Et qu’éloignée de la réalité qui ressource, la passion s’enferme dans une répétition qui devient addictive, c’est-à-dire un refuge contre cette réalité devenue étrangère et menaçante.

B/ La passion menace l’autonomie
(autonomie : auto-nomos, se donner ses propres règles)
Maîtrise
Parce que les passions empêchent la sérénité, qu’elles sont tyranniques
OR, si le bonheur est bien une plénitude, il implique que nous ne mettions pas dans la dépendance des passions elles-mêmes.
Pour être heureux, il faut donc maîtriser ses passions, parce que :
– Nous les subissons (étymologie : patior)
– Elles n’ont pas de mesure, et impliquent donc une continuelle in-satisfaction (Cf Socrate/Calliclès)
Morale
Parce que les passions sont indifférentes au Bien et au Juste, alors que le bonheur conscient les suppose.
OR, si les plaisirs, les jouissances, sont possibles en dehors de toute considération morale, le bonheur ne l’est pas, dans la mesure où il consiste en un jugement sur la vie, et non pas en une expérience immédiate. Et ce jugement rencontre les catégories morales qui demandent des justifications.

II Oui, les passions rendent heureux

A/ La passion ouvre un monde
– Perspective
Parce qu’une passion constitue un monde habitable, une voie qui nous guide
– Elaboration
Parce que par la passion, les pulsions anarchiques s’élaborent et s’organisent. Ainsi, une passion unifie notre existence, et évite sa dispersion et sa dépendance aux circonstances hasardeuses.
…OR, le bonheur, c’est la plénitude, le fait de se suffire à soi-même. Et une passion se suffit à elle-même.
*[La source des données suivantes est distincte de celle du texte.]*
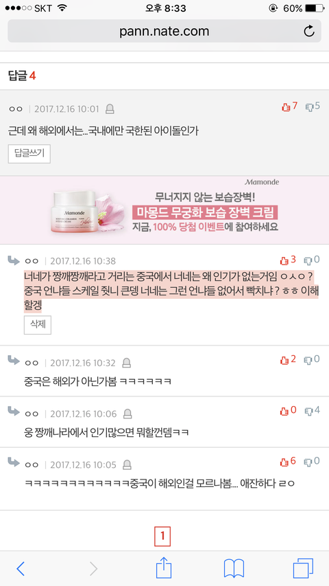 중궈 무시 댓글 더 모아야 되지 않아?

B/ La passion ouvre au réel
– Désir
Parce que la passion bouscule la raison qui toujours relativise. Elle mobilise nos forces et permet l’événement, c’est-à-dire qu’il se passe quelque chose dans notre existence, et autre chose que ce qu’on subit. Sans passion, il n’advient que ce qui est anticipable, possible, ou bien le hasard.
La passion permet l’impossible, et donc le Réel.
…OR, le bonheur, c’est le « bona ora », la bonne rencontre, l’aventure, qui suppose de quitter le monde des anticipations.

CONCLUSION

Les exigences d’adaptation à la réalité, la maitrise de soi permise par la raison nous ont semblé tout d’abord être des conditions du bonheur. S’ouvrir à la réalité telle qu’elle est, l’accepter, c’est le moyen de ne pas être en butte avec elle, comme le prône le stoïcisme. Lequel ajoute que la maitrise réfléchie de nos actions, l’autonomie, sont nécessaires pour être heureux. Pourtant, si la réalité n’est pas une totalité, mais plutôt un champ infini et sans perspectives, alors l’individu simplement rationnel ne peut s’y orienter, et il s’y perd. C’est alors l’emprise subjective de la passion qui peut tout d’abord lui donner une orientation, un idéal, et ainsi correspondre à la définition du bonheur qui pose l’existence d’une fin en soi. De plus, dans la mesure où la passion nous propulse hors de nous-mêmes, nous fait aller au-delà de ce qu’on pensait être nos limites, elle nous permet réellement d’expérimenter l’expérience et l’événement que le bonheur, la bona ora (la bonne rencontre) suppose.